» Task directions
Your copy of the lines below must match them exactly and contain no images.

══ Records to use ══

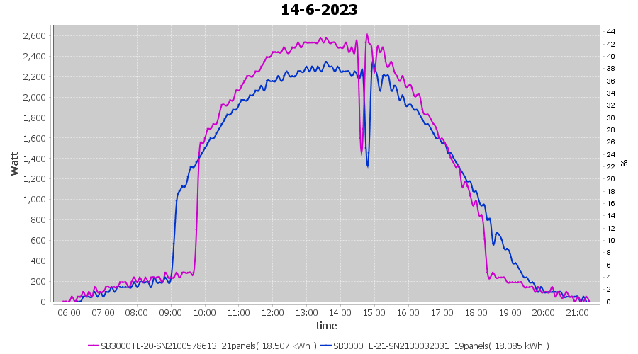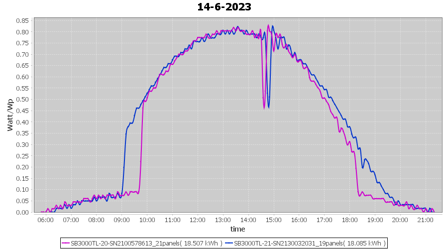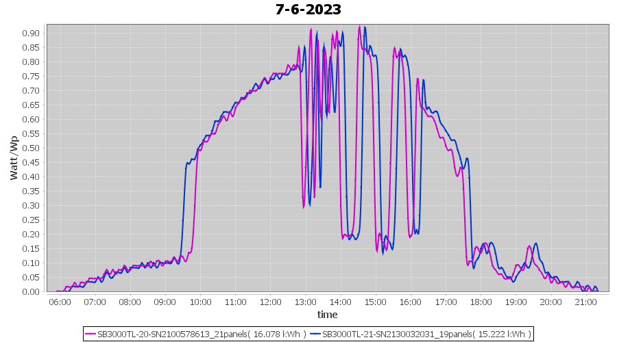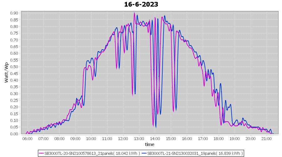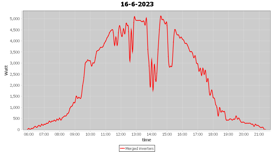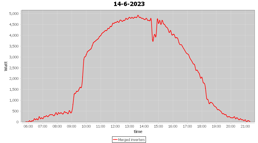 | 14-6-2023 | kWh | Sum | W/Wp | 36.592 | 6000 | 6.1 | 16.924 | € 13.66 | 3.8 |
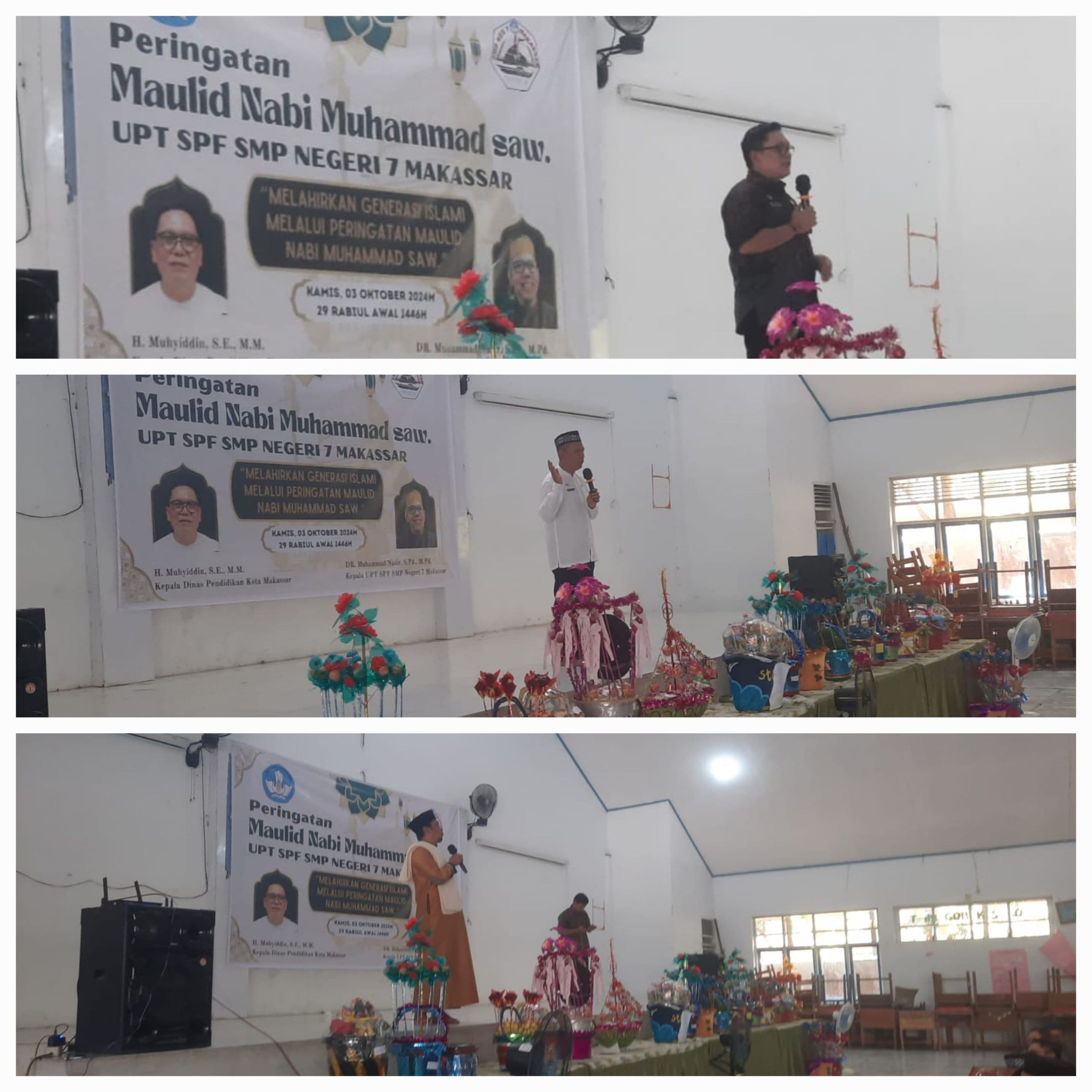 BN Onlime, Makassar-–UPT SPF SMP Negeri 7 yang terletak di Jalan Cakalang Kecamatan Ujung Tanah Kota Makassar menggelar Peringatan Maulid Nabi Muhammad SAW 1446 Hijriah, tahun ini menjadi momentum penting bagi siswa-siswi, guru, serta tamu undangan untuk merenungkan dan merayakan kehidupan serta ajaran luhur sang Rasul. Acara berlangsung meriah pada hari Kamis (03/10/2024), dengan tema “Melahirkan Generasi Islami Melalui Peringatan Maulid Nabi Muhammad SAW”
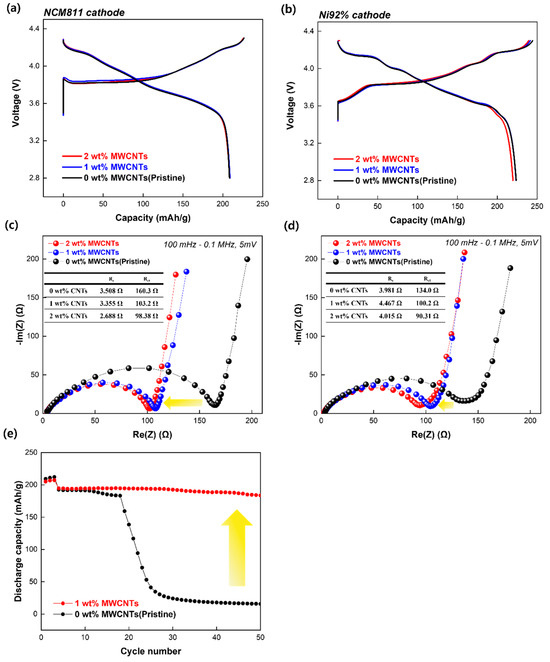 (a) Initial voltage profile at 0.1 C between 2.8 and 4.3 V vs. Li using NCM811 and (b) Ni92% cathode. EIS profiles of the Li half-cell with 0, 1, and 2 wt% MWCNTs using the (c) NCM811 and (d) Ni92% cathode. (e) Cycling performances of electrodes prepared with ratio of 88:2:10 (active material:conductive additive:binder material) in Li half-cell at 0.33 C (first three cycles at 0.1 C) between 2.8 and 4.3 V vs. Li.
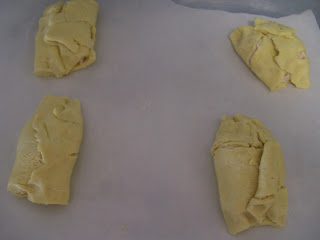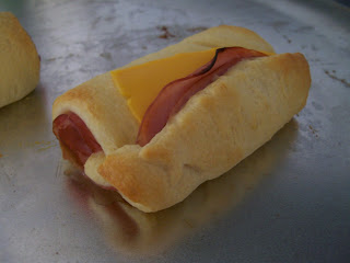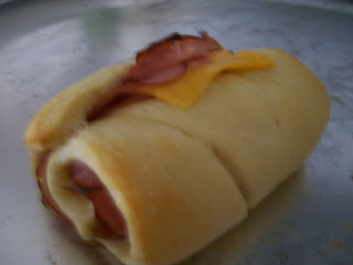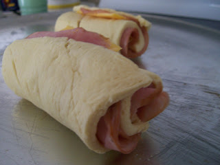Directions: Pull crescents apart. There should be 8 triangles. Put two of the rolls together so that it makes a rectangle shape. Use your fingers to press the two rolls together. Repeat with the rest of the rolls. Mix up your mayo and chicken. Spoon out some of the chicken mixture onto the roll. (see pic below) Then roll the dough up into a pocket. Press the dough again with your fingers to make sure the pocket is sealed. Bake according to the instructions on the crescent roll package.
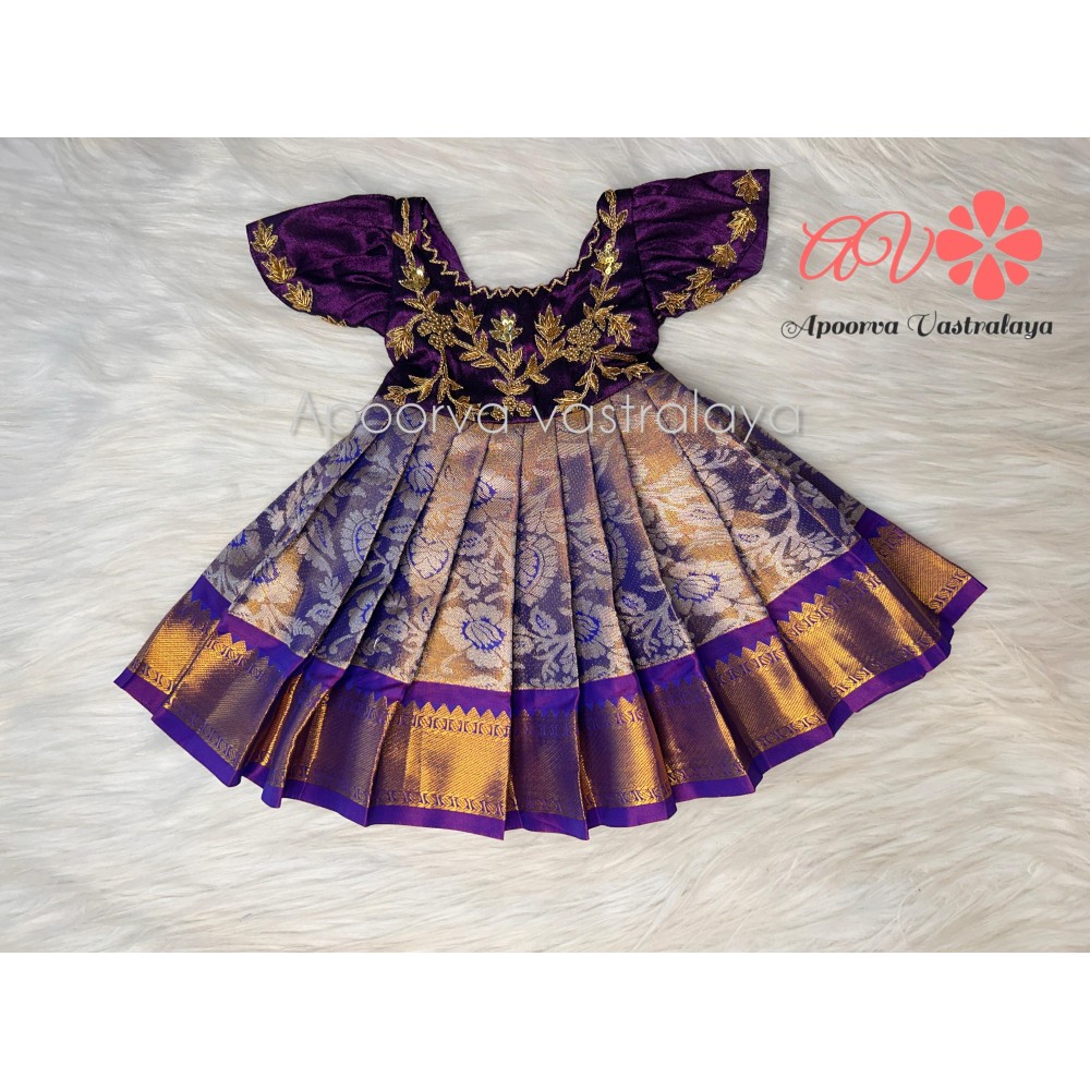 Peach and Purple Heavy Aari Pattu Pavadai

═══

» Result for this task
 | 14-6-2023 | kWh | Sum | W/Wp | 36.592 | 6000 | 6.1 | 16.924 | € 13.66 | 3.8 |
 BN Onlime, Makassar-–UPT SPF SMP Negeri 7 yang terletak di Jalan Cakalang Kecamatan Ujung Tanah Kota Makassar menggelar Peringatan Maulid Nabi Muhammad SAW 1446 Hijriah, tahun ini menjadi momentum penting bagi siswa-siswi, guru, serta tamu undangan untuk merenungkan dan merayakan kehidupan serta ajaran luhur sang Rasul. Acara berlangsung meriah pada hari Kamis (03/10/2024), dengan tema “Melahirkan Generasi Islami Melalui Peringatan Maulid Nabi Muhammad SAW”
 (a) Initial voltage profile at 0.1 C between 2.8 and 4.3 V vs. Li using NCM811 and (b) Ni92% cathode. EIS profiles of the Li half-cell with 0, 1, and 2 wt% MWCNTs using the (c) NCM811 and (d) Ni92% cathode. (e) Cycling performances of electrodes prepared with ratio of 88:2:10 (active material:conductive additive:binder material) in Li half-cell at 0.33 C (first three cycles at 0.1 C) between 2.8 and 4.3 V vs. Li.
Directions: Pull crescents apart. There should be 8 triangles. Put two of the rolls together so that it makes a rectangle shape. Use your fingers to press the two rolls together. Repeat with the rest of the rolls. Mix up your mayo and chicken. Spoon out some of the chicken mixture onto the roll. (see pic below) Then roll the dough up into a pocket. Press the dough again with your fingers to make sure the pocket is sealed. Bake according to the instructions on the crescent roll package.
 Peach and Purple Heavy Aari Pattu Pavadai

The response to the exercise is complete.